Of course, User Account Control has the potential to help protect against unauthorized changes to the system, as intended. But the question I throw open for discussion is whether it does that in practical situations. There are various scenarios and arguments that can undermine or short-circuit its effectiveness: Its constant pop-up warnings requiring user authorization soon become highly annoying. In my case, even trying to scan a file with my resident AV causes UAC to prompt me for authorization “of this program making changes to your system”. Well, that’s what I got it for. And on many occasions it won’t allow me to rename or move my own files without such authorization. As a result, one is tempted to downgrade UAC’s security level. Or even turn it off altogether. If he keeps it, he soon acquires the habit of clicking on authorization automatically, without really thinking. To those who think it’s foolish to disable this valuable protection mechanism, I point out that my XP didn’t have it in the first place. And though XP is considered (far) less secure than Windows 10, I never had a problem. So why should I now have to put up with this annoyance?

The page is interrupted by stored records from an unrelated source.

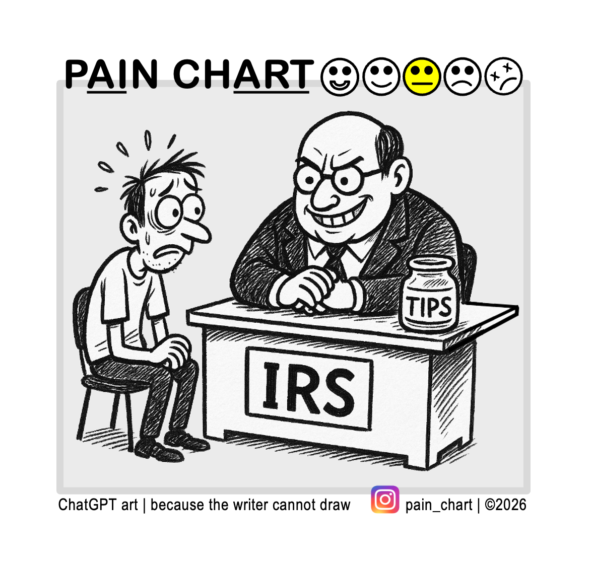 Pain Chart It’s Tax Day Posted on April 15, 2026 by DL Shirey in Pain Chart #834 | about | more Share this: Share on X (Opens in new window) X Share on Facebook (Opens in new window) Facebook Like Loading...
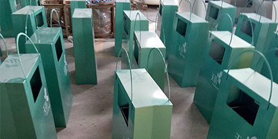 • 產品材質:手提袋鋼制垃圾桶采用優質冷軋鋼經除油-除銹-表調-磷化處理后,表面采用汽車靜電粉末噴漆工藝,噴塑粉主要有丙烯酸粉末、聚酯粉末等。雙層防銹,漆面色澤耐久;
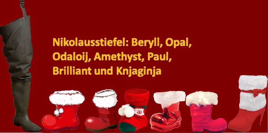 Alle haben ihre Stiefelchen vor die Tür gestellt, selbst Knjaginja hat einen Pumps dafür hergegeben, nur Beryll hat angst, zu kurz zu kommen! Mal sehen, was der Nikolaus dazu sagt:
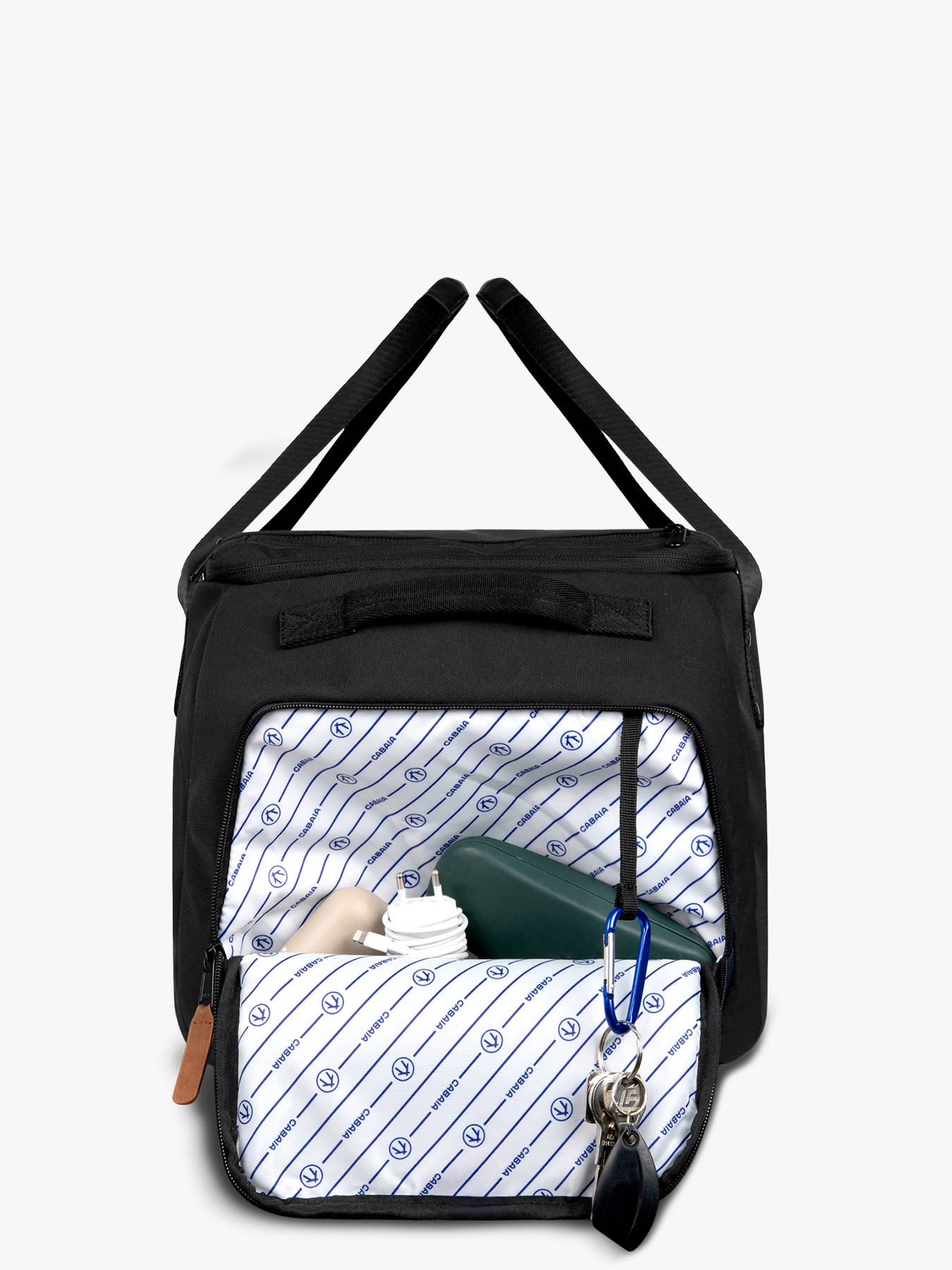 Travel smarter with the Cabaia Cabin Travel Bag. Lightweight (1.43 kg) yet spacious (48 L), it meets cabin luggage dimensions (28 x 58 x 30 cm), making it ideal for 3 to 5-day trips. Crafted from recycled water-repellent polyester with a 100% polyester lining, this bag is vegan, durable, and comes with a lifetime guarantee. Designed for maximum versatility, it features magnetic and side handles for easy carrying, as well as integrated straps to wear it comfortably as a backpack. A dedicated padded compartment keeps your 15-inch laptop secure, while a separate shoe compartment ensures clean and organized packing. The 45° angled bottle pocket and interchangeable reflective front pocket with MOLLE system add extra convenience and style. Functional, stylish, and eco-friendly, the Cabaia cabin bag is the perfect companion for city breaks, business trips, or weekend getaways.

Now, I just presented one side of the argument, others would defend the opposite.
You find UAC annoying to just click a button, try Linux with the sudo this and sudo that. Also security is largely dependent on the user.
The main purpose of UAC is to make the user aware of changes, and what he is doing. That is all. It is really there to be annoying.
What is a malicious program? Does it change your browser settings? Does it phone home and track you? Does it put advertising onto your pc? Is it Windows 10?